▶ _WHAT IS REQUIRED_:
Images should not appear in the copy, yet every line of the listing below must be printed exactly.

▶ _DATASET EXTRACT_:
=== Section Start ===

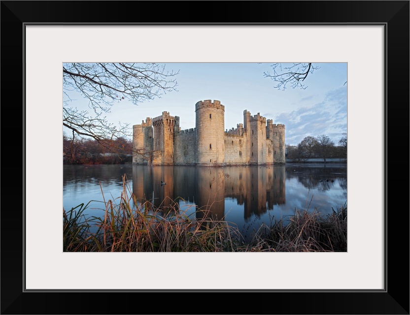 <p>A view of Bodiam Castle with reflection in the water.</p>
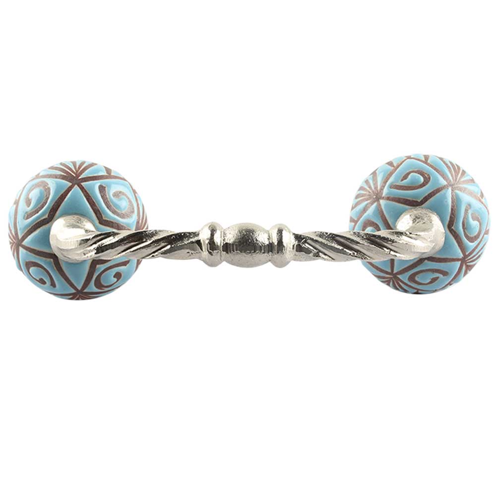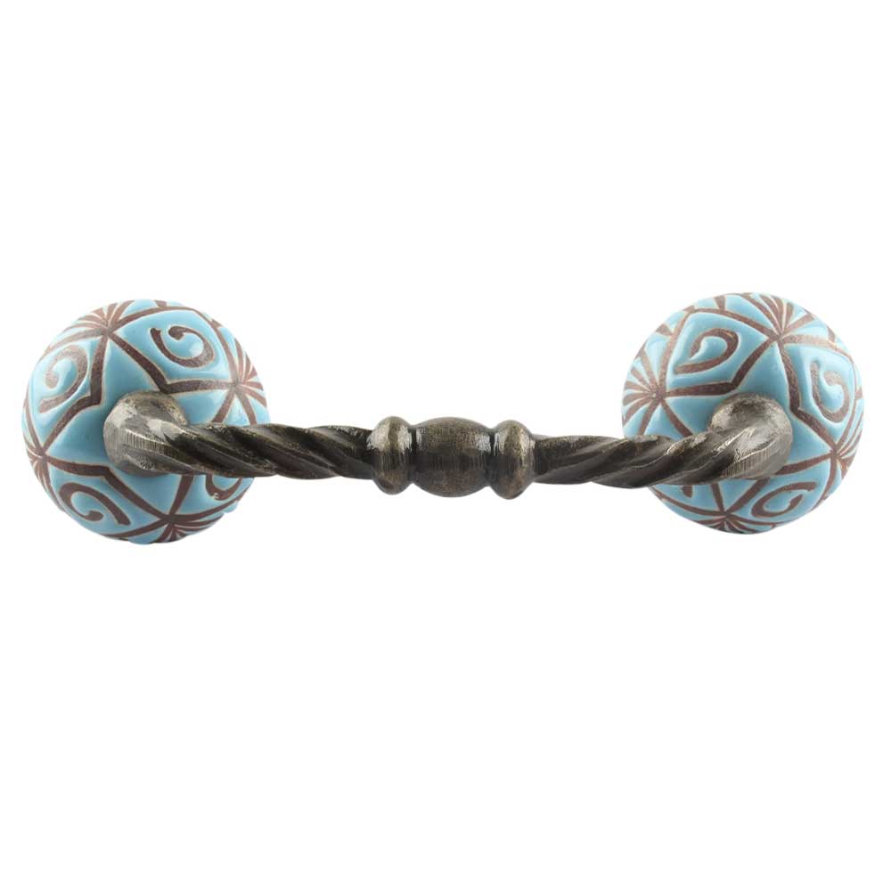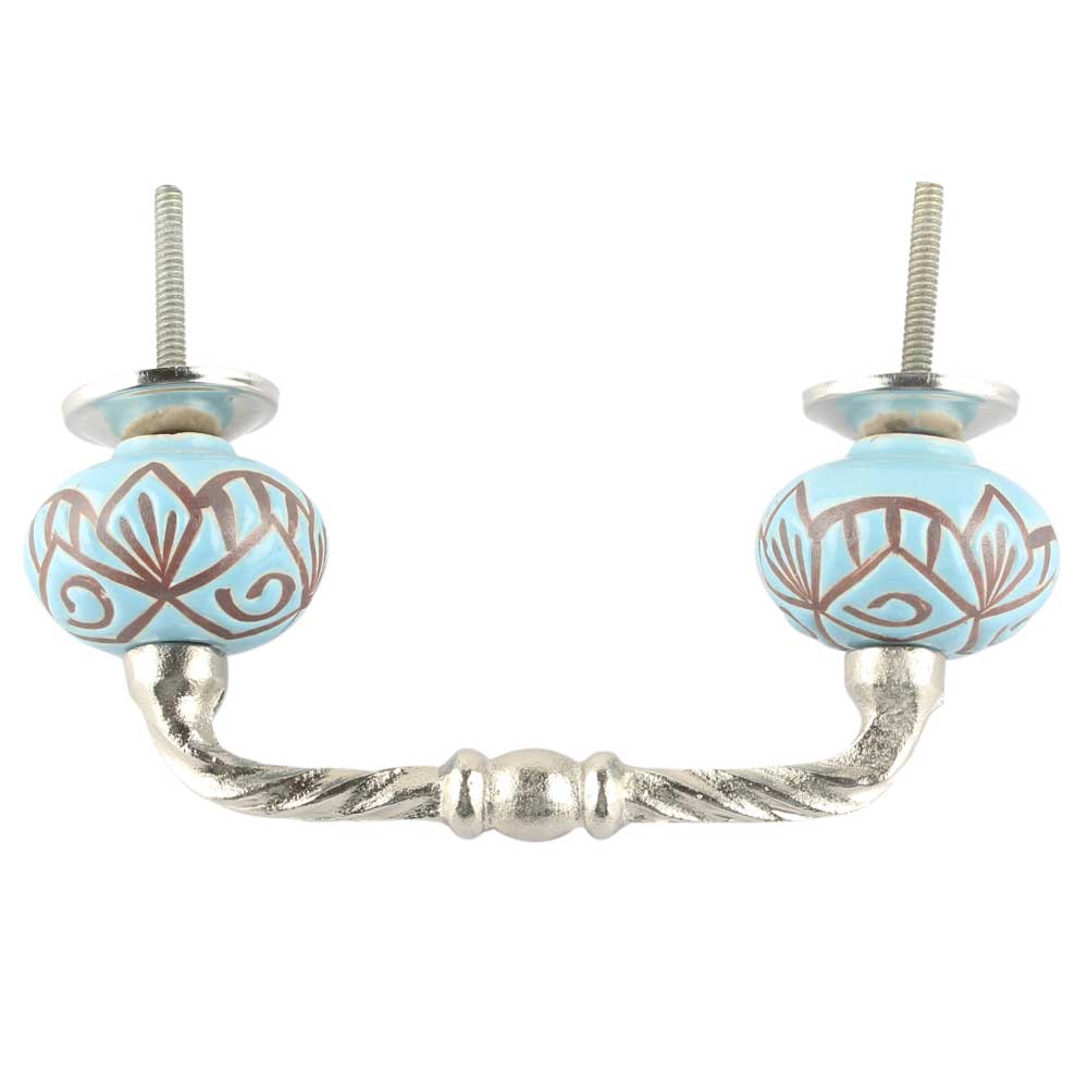 Turquoise Etched Ceramic Cut Bridge Handle Online. Ideal for Drawer, Dresser, Cabinet, Wardrobe, Cupboard and Almirah etc.
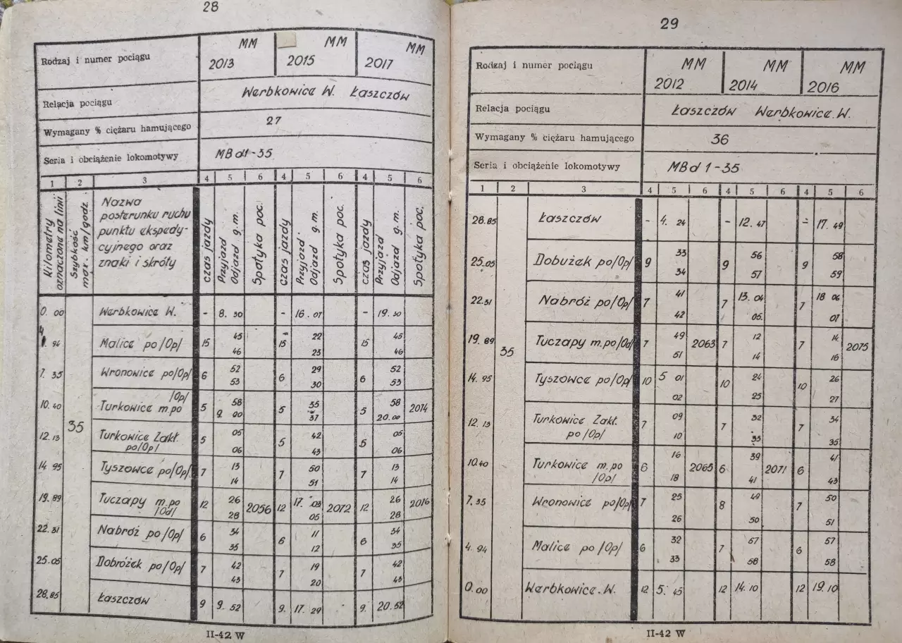 Pociągi pasażerskie na odcinku Werbkowice Wąskotorowe - Łaszczów, skan ze Służbowego Rozkładu Jazdy Pociągów Pasażerskich i Towarowych - zeszyt II-42W, strony 28-29 (RJ 1979/1980).
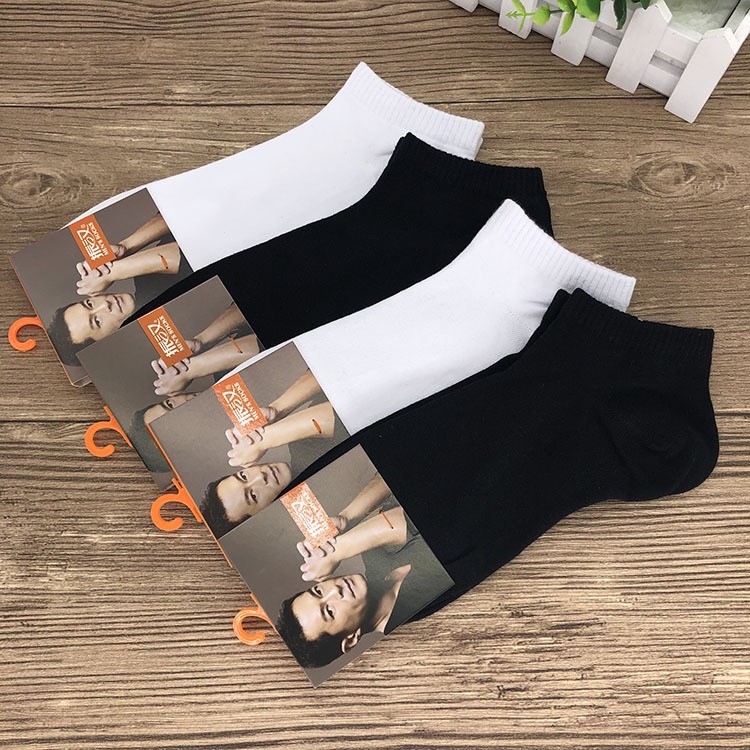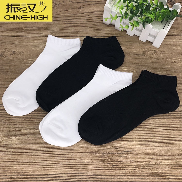 振汉春夏男女船袜全白全黑纯棉透气吸汗不臭脚短袜浅口袜4双一组

=== Section End ===

▶ _WRITTEN SOLUTION_:
 <p>A view of Bodiam Castle with reflection in the water.</p>
 Turquoise Etched Ceramic Cut Bridge Handle Online. Ideal for Drawer, Dresser, Cabinet, Wardrobe, Cupboard and Almirah etc.
 Pociągi pasażerskie na odcinku Werbkowice Wąskotorowe - Łaszczów, skan ze Służbowego Rozkładu Jazdy Pociągów Pasażerskich i Towarowych - zeszyt II-42W, strony 28-29 (RJ 1979/1980).
 振汉春夏男女船袜全白全黑纯棉透气吸汗不臭脚短袜浅口袜4双一组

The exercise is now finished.